In order to further understand which factors contributed to N2O production, we performed a multiple regression. Our analysis revealed that microbial biomass C and N contents together with nirK abundance were the strongest predictors of N2O emissions for the tomato experiment, suggesting that the reduced N2O emissions were caused by AMF-induced changes in soil microbial biomass and community composition.

In conclusion, the results presented here demonstrate that the AMF symbiosis can reduce N2O emissions from soil. Denitrification and related N2O emissions are governed by complex interactions of various entangled factors. Also, the effects exerted by the AMF symbiosis on ecosystem processes are the result of complex interactions between fungus and plant. Disentangling these interactions and showing a direct cause–effect relationship is a challenging task that warrants further investigations. We show a hitherto unknown involvement of the AMF symbiosis in the reduction of N2O emissions. Our results give a starting point for further investigations that should focus on the detailed mechanistic pathways by which the presence of AMF influences denitrifying communities and N2O emissions.

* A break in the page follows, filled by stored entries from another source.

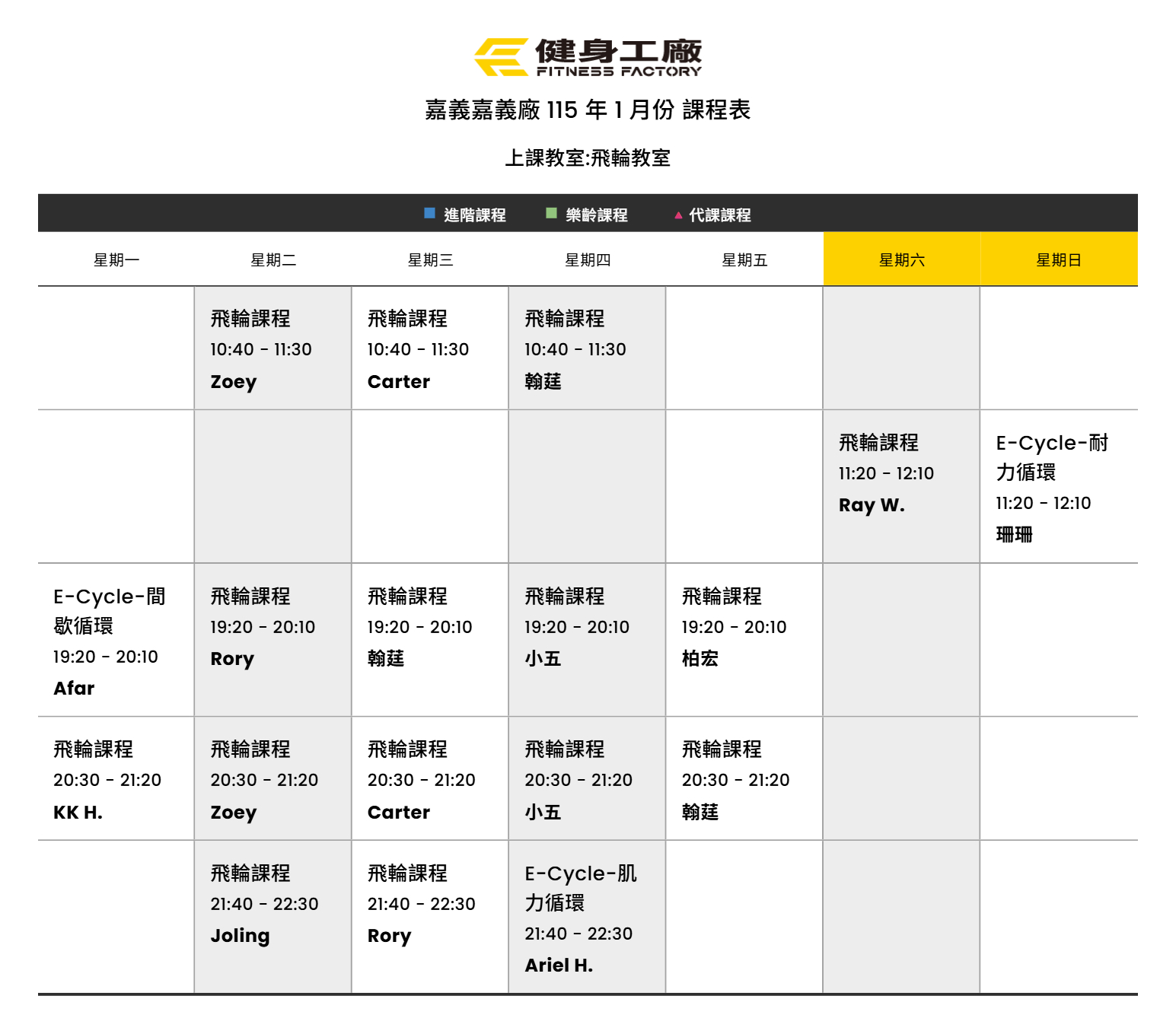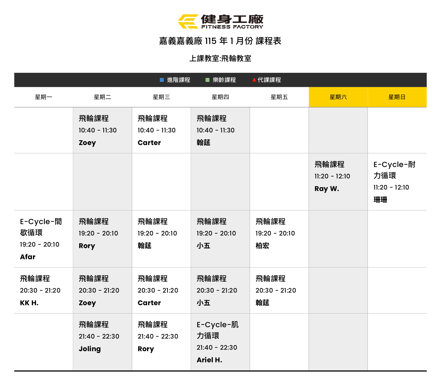 25Dec.2025【課表】嘉義廠-1月飛輪課表
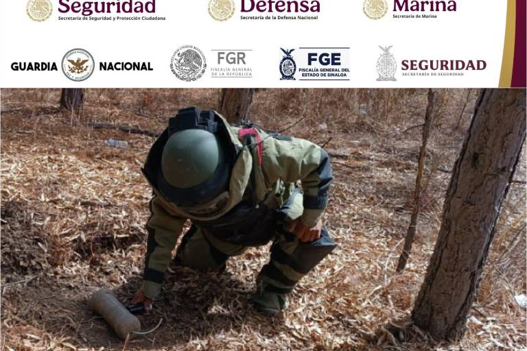 CULIACÁN._ Elementos del Ejército Mexicano aseguraron y destruyeron artefactos explosivos improvisados y granadas encontrados durante operativos de reconocimiento terrestre en Badiraguato.
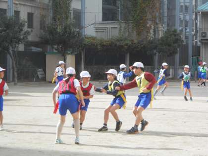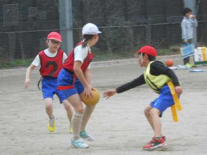 4年生が体育の学習で,タグラグビーに取り組んでいました。ルールにもずいぶん慣れて,パスをつないだり,タグを取ったり,地面にボールを置いてトライに挑戦したり。楽しく活動していました。
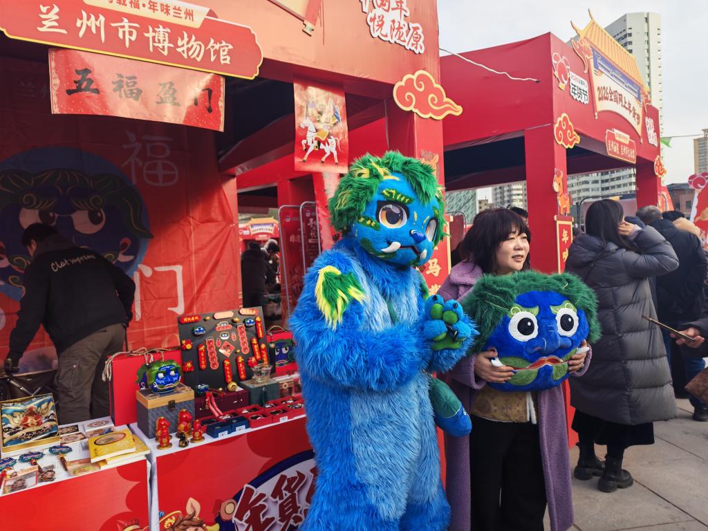 大集上的文创产品大受欢迎。在兰州市博物馆的展位前,人们被“兰小五”门狮系列文创产品和马年专属文创产品所吸引。
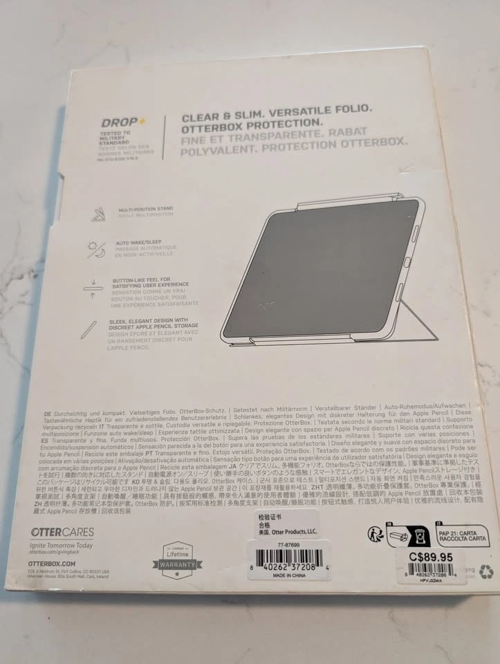 Military-grade drop protection keeps your device safe from falls and bumps. The folio cover doubles as a multi-position stand for hands-free viewing or typing. Features a discreet, secure storage slot for your Apple Pencil inside the case. "Scholar Grey" folio with a clear back.
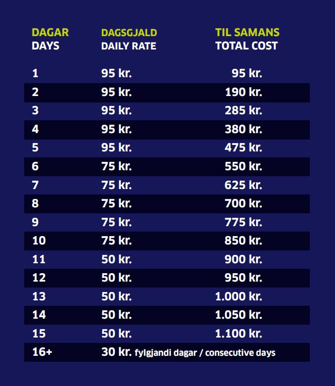 Sum dømi um prísbroytingina kunnu nevnast, at hevur tú parkerað í 3 dagar, hækkar gjaldið við kr. 45 - úr kr. 240 í kr. 285, og hevur tú parkerað í 8 dagar, hækkar gjaldið við kr. 180 - úr kr. 520 í kr. 700.
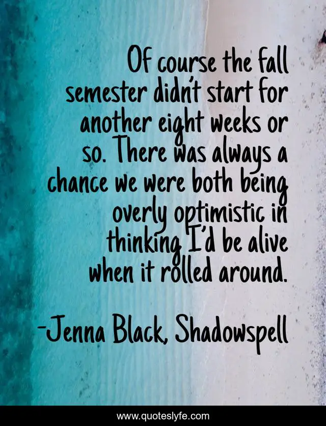 This page presents the quote "Of course the fall semester didn’t start for another eight weeks or so. There was always a chance we were both being overly optimistic in thinking I’d be alive when it rolled around.". Author of this quote is Jenna Black, Shadowspell. This quote is about ya, spell, faery, faerie, young-adult, fae,.
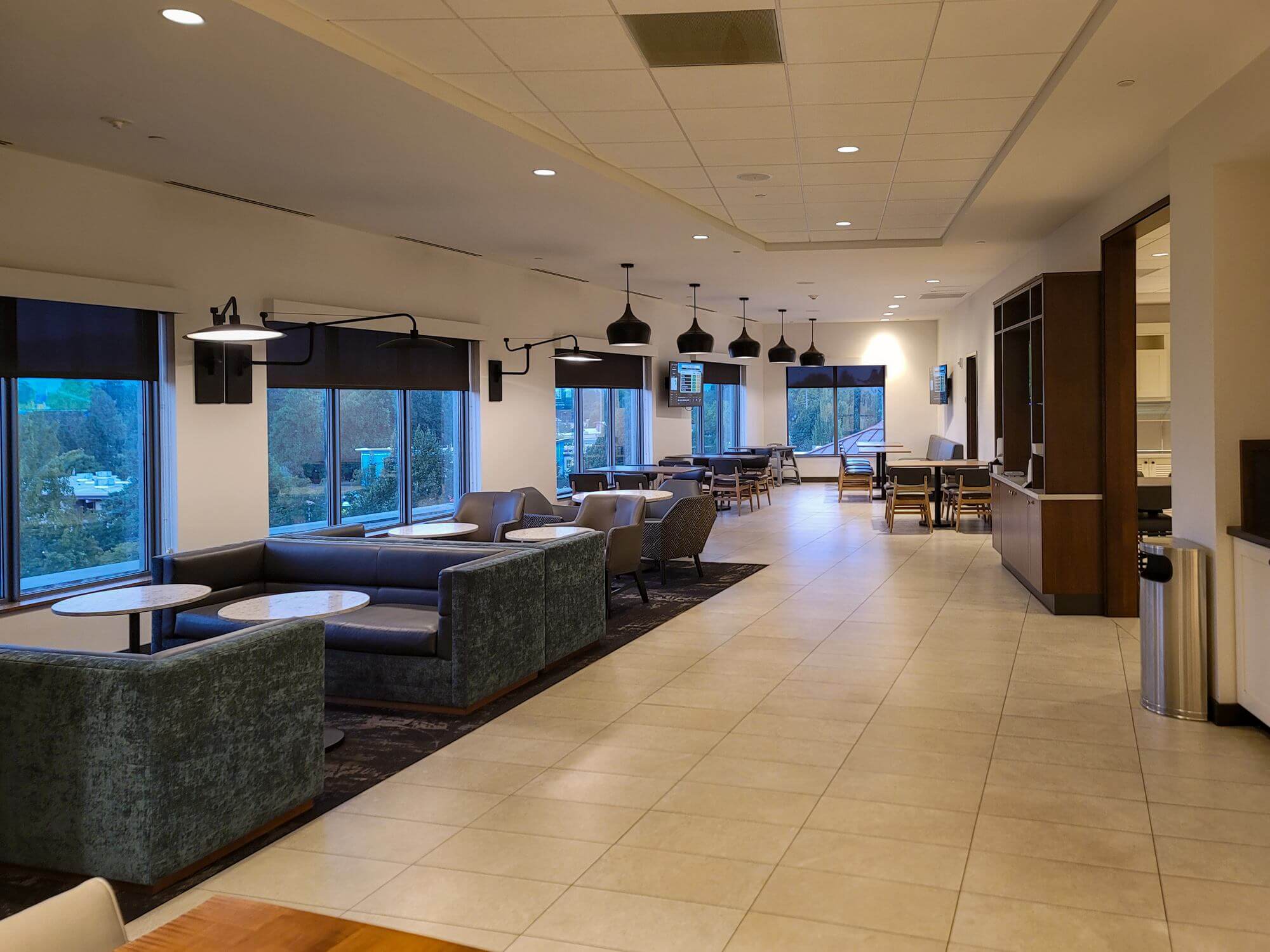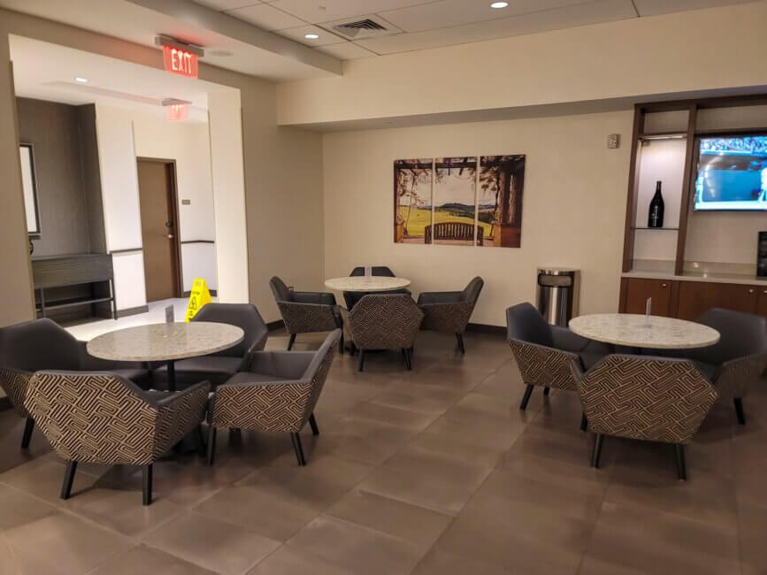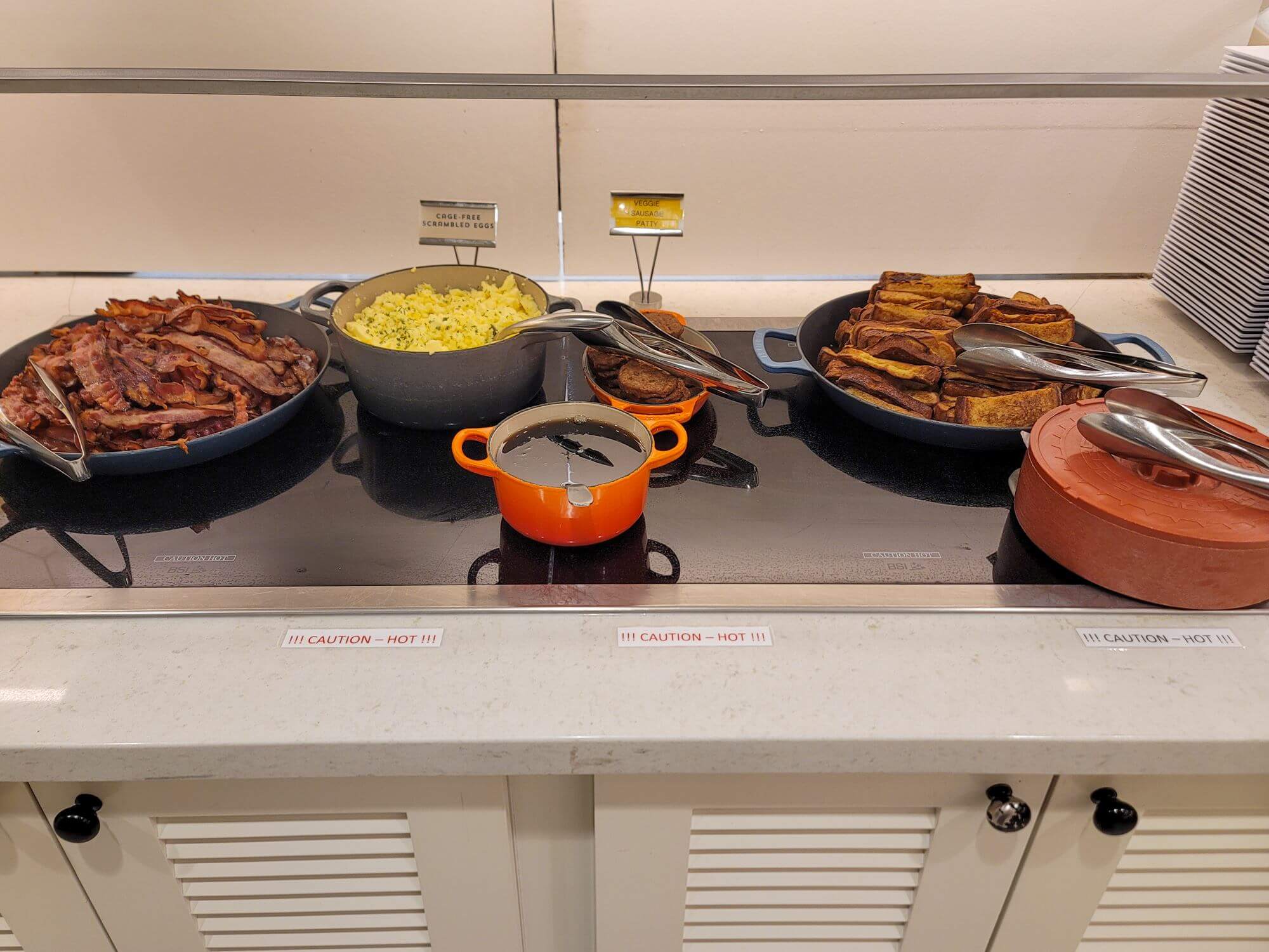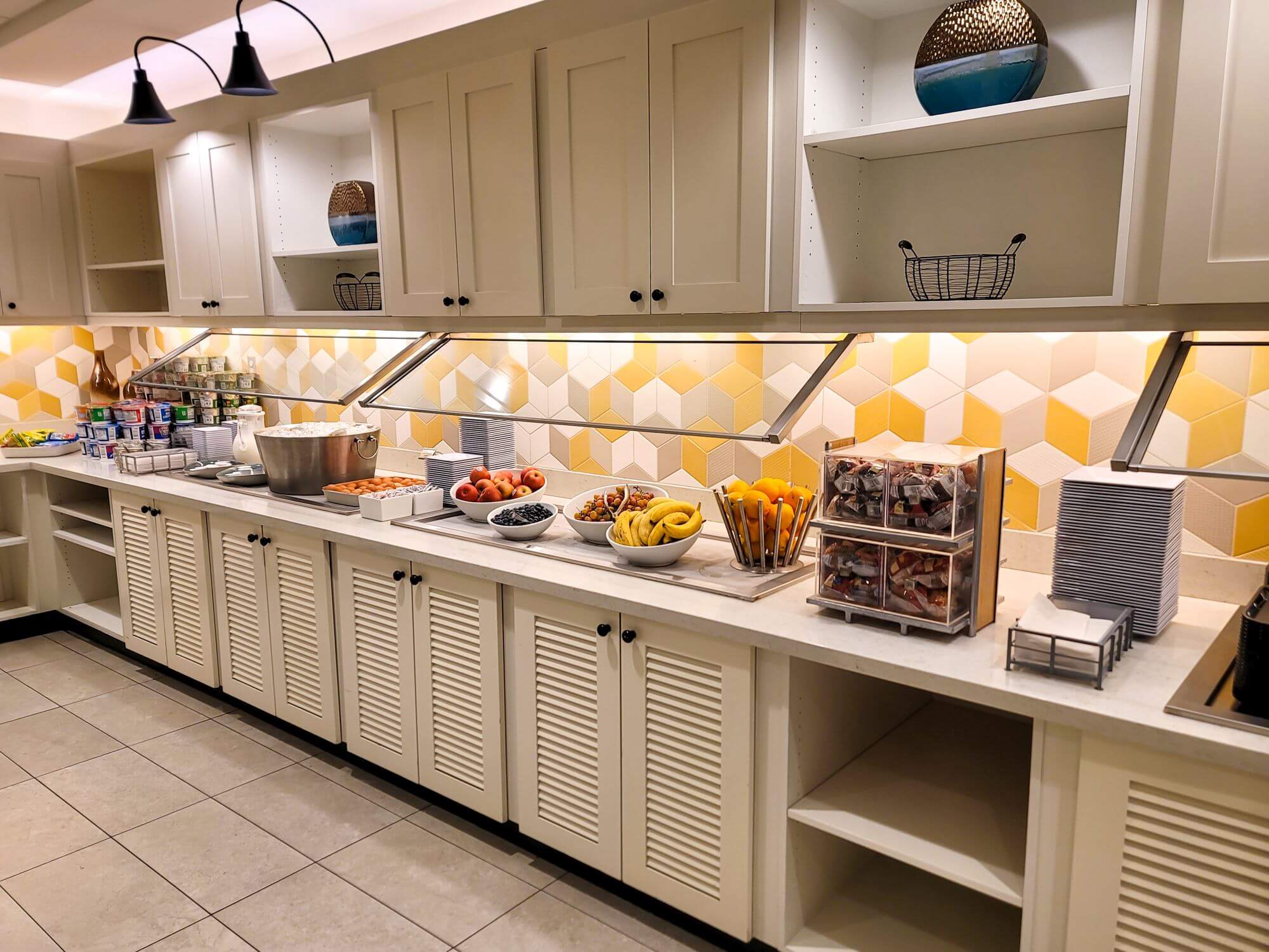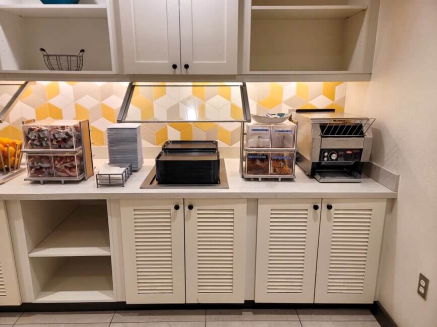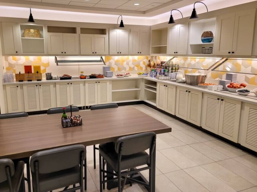 The breakfast area is located to the right of the front desk on the fifth floor. It’s a very spacious area and features lots of seating options. The first half is more comfortable sofa chairs and small tables which you would use to hang out during the evening hour rather than for breakfast. The second half features actual dining tables which are perfect for breakfast.
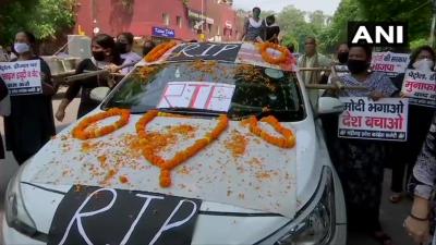 इस दौरान ये महिला कांग्रेस के ये कार्यकर्ता हाथ में तख्ती लिए नजर आए और केंद्र की नरेंद्र मोदी सरकार के खिलाफ नारेबाजी की। इन्होंने प्रदर्शन के दौरान पूरी कार को एक अर्थी का रूप दे दिया था।
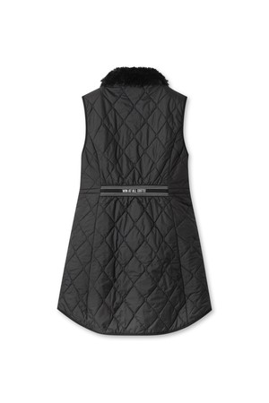 세련된 여성 웬지 패디드 원피스 베스트입니다. 겨울철 라운딩과 일상에서 우아하고 스포티한 스타일을 연출할 수 있습니다. 부드러운 나일론 소재와 두꺼운 두께감, 하이넥 디자인이 보온성을 높여줍니다. 허리 스트링으로 실루엣을 조절하여 A라인 핏을 완성할 수 있으며, 민소매 집업 스타일로 간편하게 착용 가능합니다. 블랙 컬러의 무지 디자인으로 어떤 옷에도 쉽게 매치하여 미니멀한 골프룩을 연출해보세요.
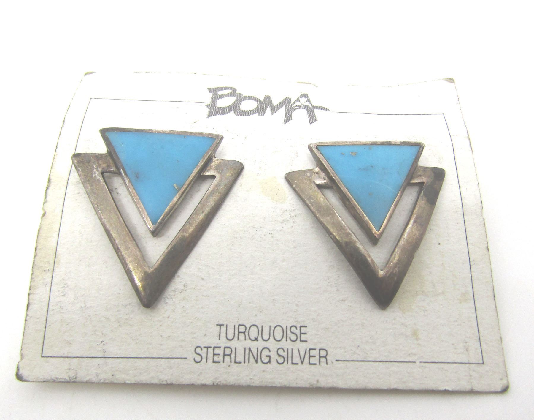 DOUBLE TRIANGLE VINTAGE MODERN DESIGN STERLING SILVER TURQUOISE EARRINGS BY BOMA ARIZONA. PIERCED POST. TESTED & MARKED STERLING SILVER. MEASURES 1" LONG. WEIGHS 6.2 GRAMS. USA SHIPPING $5.
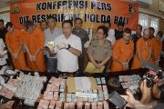 Pihak kepolisian menunjukkan sejumlah tersangka kasus tindak pidana pencurian data nasabah (skimming) berkewarganegaraan Bulgaria beserta barang bukti saat rilis di Polda Bali, Denpasar, Bali, Kamis (7/2/2019). Petugas berhasil menangkap lima orang tersangka warna negara Bulgaria berinisial TKD, IFT, GJJ, AIP dan VNP dan mengamankan sejumlah barang bukti seperti 227 kartu ATM palsu, uang tunai Rp788 juta, router, tiga buah laptop dan beberapa unit alat skimmer. ANTARA FOTO/Fikri Yusuf/hp.
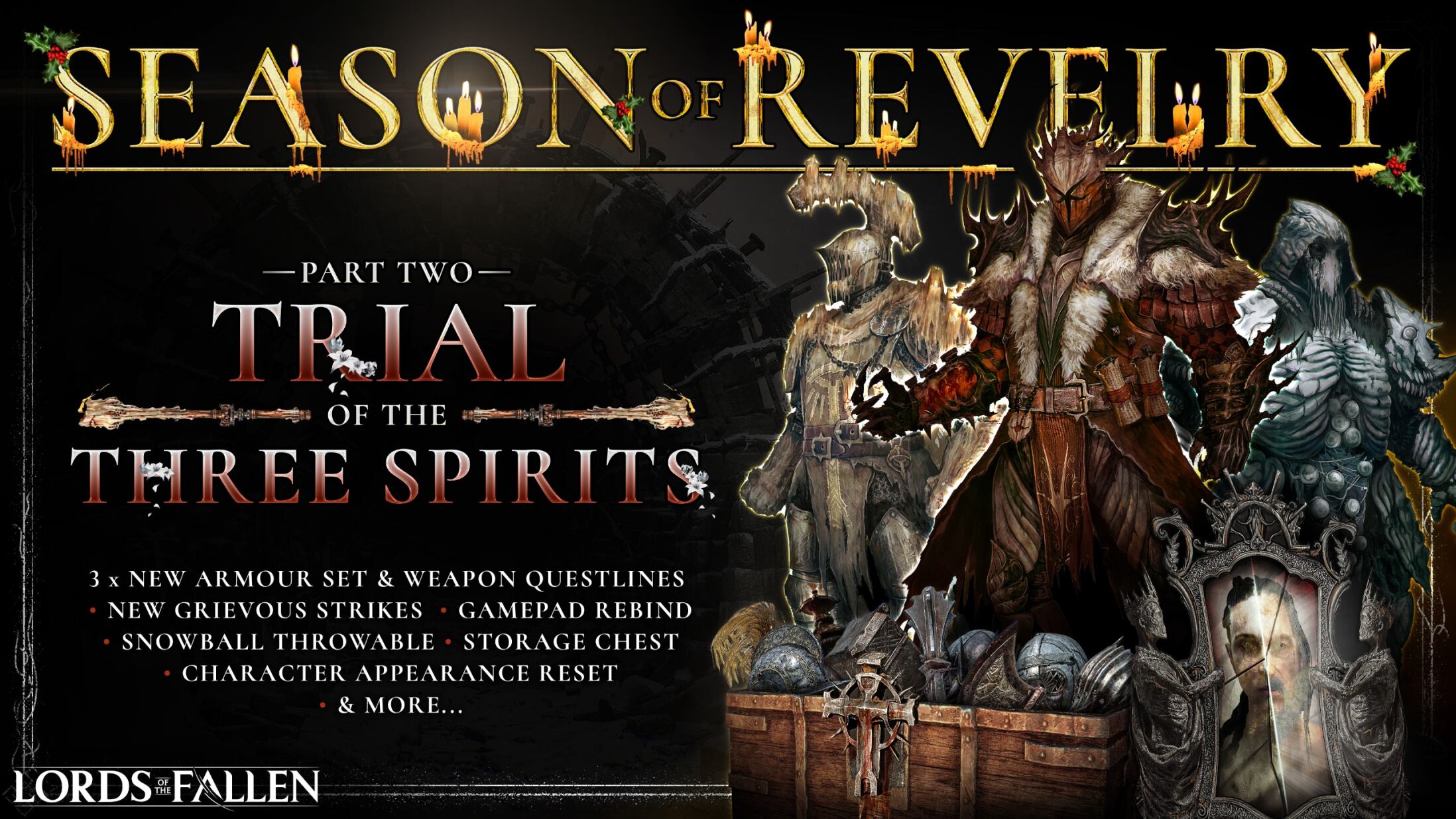 CI Games i studio HEXWORKS ogłaszają start eventu “Season of Revelry” w Lords of the Fallen. Jest to dwuczęściowe, z pewnością całkowicie bezpłatne wydarzenie świąteczne. Pierwsza część zatytułowana „Offerings of Orius” już dziś trafiła do graczy. Natomiast kolejna – „Trial of the Three Spirits” – zostanie udostępniona 21 grudnia. Obie aktualizacje wprowadzają też wiele nowości, w tym trzy kolejne zadania. Wykonanie ich nagrodzi graczy unikalnymi zestawami broni i pancerza. Ponadto spodziewajcie się nowych zaklęć, finiszerów, pocisków do ataków dystansowych oraz czegoś zupełnie wyjątkowego – bitwy na śnieżki.

The abundance of AMF in soil depends on soil nutrient availability and declines with fertilization and intensive land use (Helgason et al., 1998; Egerton-Warburton and Allen, 2000; Oehl et al., 2004). The results obtained here suggest that a reduction of AMF abundance by intensive agricultural management and high fertilizer additions may initiate a cascade of below-ground interactions that further enhance N2O emission from soil with potential negative consequences for the ozone layer and the earth’s climate.